Moreover, I conclude that the trial court erred in holding that claims arising from perceived handicap situations are not actionable under the HCRA. I note that the HCRA does not require that a claimant have a medically cognizable physical disability or mental deficiency, or that the claimant's assertion of a "handicap" be supported by expert testimony. Instead, the definition of the term "handicap" requires only that the claimant have an ascertainable physical or mental characteristic which may be related to disease, injury, etc. See MCL 37.1103; MSA 3.550(103). Moreover, the existence of a determinable physical or mental characteristic is not a "handicap" under the act, regardless of how innocuous or debilitating, unless it is "unrelated to the individual's ability to perform the duties" of the particular job. See Carr v General Motors Corp, 425 Mich 313, 321-322; 389 NW2d 686 (1986); Bowerman v Malloy Lithographing, Inc, 171 Mich 110; 430 NW2d 742 (1988). The act's definition of "handicap" does not focus so much on the status of a claimant's physical or mental condition as it does on whether that condition affects the claimant's performance. Given this *151 emphasis, it would be inconsistent to extend protection under the act only to those claimants with physical or mental conditions that can be medically certified as disabling.
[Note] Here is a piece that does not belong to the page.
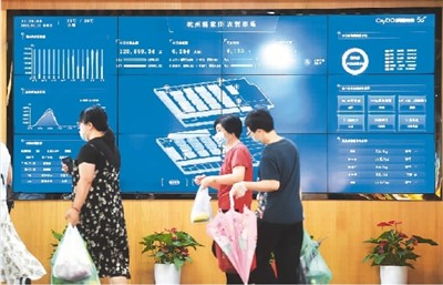 浙江省杭州市的5G農(nóng)貿(mào)市場——駱家莊農(nóng)貿(mào)市場的大屏幕上實(shí)時(shí)顯示交易、客流等相關(guān)情況。新華社記者 韓傳號(hào)攝
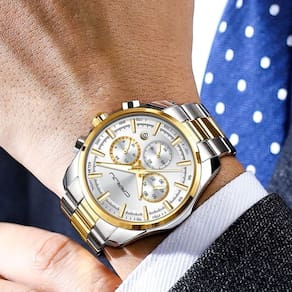 Este relógio masculino combina elegância e durabilidade, apresentando uma construção robusta em aço inoxidável e um movimento de quartzo de alta precisão. Com resistência à água de 3 ATM, ele é ideal para o uso diário, suportando respingos e chuva. Seu design clássico e sofisticado faz dele o acessório perfeito para qualquer ocasião, garantindo estilo e funcionalidade em um só produto.

Further, the HCRA is a remedial statute and is thus to be liberally construed. Wilks v Taylor School Dist, 174 Mich App 232, 241; 435 NW2d 436 (1988). In this regard, the act includes the following prohibition in conjunction with the definition of "handicap":

An employer shall not:

(a) Fail or refuse to hire, recruit, or promote an individual because of a handicap that is unrelated to the individual's ability to perform the duties of a particular job or position. [MCL 37.1202(1); MSA 3.550(202)(1).]

In accordance with this remedial purpose, it would be incongruous to prohibit discriminatory conduct in one case, where the victim has an actual physical disability or mental deficiency which is unrelated to job performance, but allow the same type of conduct in another situation, where the victim does not have an actual disability or deficiency but where the employer mistakenly believes otherwise. For example, under the HCRA as interpreted by petitioner and the trial court, an employer would be prohibited from discriminating against a job applicant who is overweight, when weight is unrelated to job performance, but permitted to discriminate against another applicant for the same job who is not overweight, but is perceived to be by the employer. Such an interpretation is unreasonable because the applicant who was perceived to be overweight is equally as aggrieved by the discriminatory treatment as the person who was, in fact, overweight. *152 Further, the result is illogical because the employer's conduct is equally objectionable in either case.

Therefore, I conclude that the trial court erred in finding that the HCRA does not protect those persons who are discriminated against because of a perception that they have a physical disability or mental deficiency, whether or not such condition actually exists.